Information provided: Begin
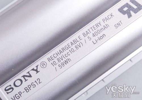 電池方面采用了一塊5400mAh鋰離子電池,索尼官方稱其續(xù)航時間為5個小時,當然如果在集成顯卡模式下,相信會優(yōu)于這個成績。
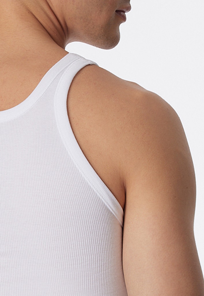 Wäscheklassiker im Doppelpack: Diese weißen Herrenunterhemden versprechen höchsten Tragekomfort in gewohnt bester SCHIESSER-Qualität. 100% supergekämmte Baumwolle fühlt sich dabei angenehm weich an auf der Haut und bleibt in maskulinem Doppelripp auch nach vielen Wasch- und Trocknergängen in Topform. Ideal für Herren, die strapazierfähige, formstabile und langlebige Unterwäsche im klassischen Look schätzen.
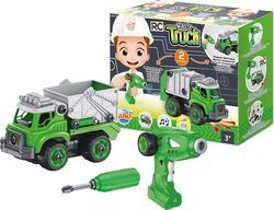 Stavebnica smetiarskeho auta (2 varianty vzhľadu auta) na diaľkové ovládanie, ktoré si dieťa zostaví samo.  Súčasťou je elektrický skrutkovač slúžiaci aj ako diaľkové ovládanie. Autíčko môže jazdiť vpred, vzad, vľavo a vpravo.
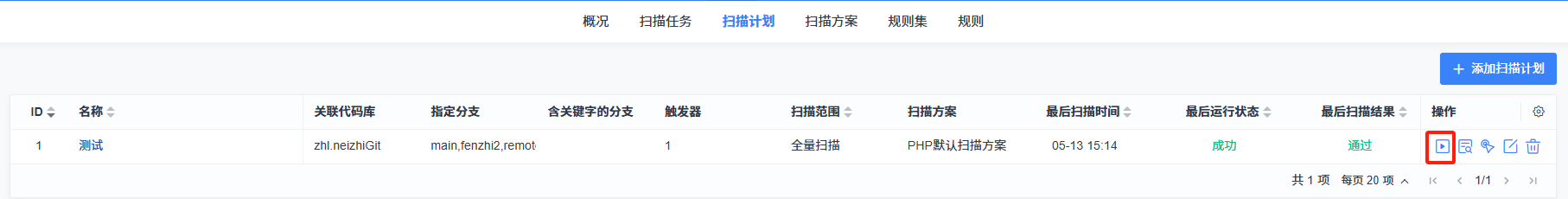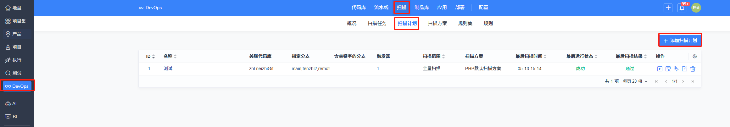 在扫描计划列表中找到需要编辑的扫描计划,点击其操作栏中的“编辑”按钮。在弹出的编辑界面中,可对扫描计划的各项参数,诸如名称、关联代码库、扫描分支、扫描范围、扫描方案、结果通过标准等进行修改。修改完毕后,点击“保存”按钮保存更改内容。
Information provided: End
● Assignment: Each line of the data should be quoted exactly, with pictures left out.

● Task response:
 電池方面采用了一塊5400mAh鋰離子電池,索尼官方稱其續(xù)航時間為5個小時,當然如果在集成顯卡模式下,相信會優(yōu)于這個成績。
 Wäscheklassiker im Doppelpack: Diese weißen Herrenunterhemden versprechen höchsten Tragekomfort in gewohnt bester SCHIESSER-Qualität. 100% supergekämmte Baumwolle fühlt sich dabei angenehm weich an auf der Haut und bleibt in maskulinem Doppelripp auch nach vielen Wasch- und Trocknergängen in Topform. Ideal für Herren, die strapazierfähige, formstabile und langlebige Unterwäsche im klassischen Look schätzen.
 Stavebnica smetiarskeho auta (2 varianty vzhľadu auta) na diaľkové ovládanie, ktoré si dieťa zostaví samo.  Súčasťou je elektrický skrutkovač slúžiaci aj ako diaľkové ovládanie. Autíčko môže jazdiť vpred, vzad, vľavo a vpravo.
 在扫描计划列表中找到需要编辑的扫描计划,点击其操作栏中的“编辑”按钮。在弹出的编辑界面中,可对扫描计划的各项参数,诸如名称、关联代码库、扫描分支、扫描范围、扫描方案、结果通过标准等进行修改。修改完毕后,点击“保存”按钮保存更改内容。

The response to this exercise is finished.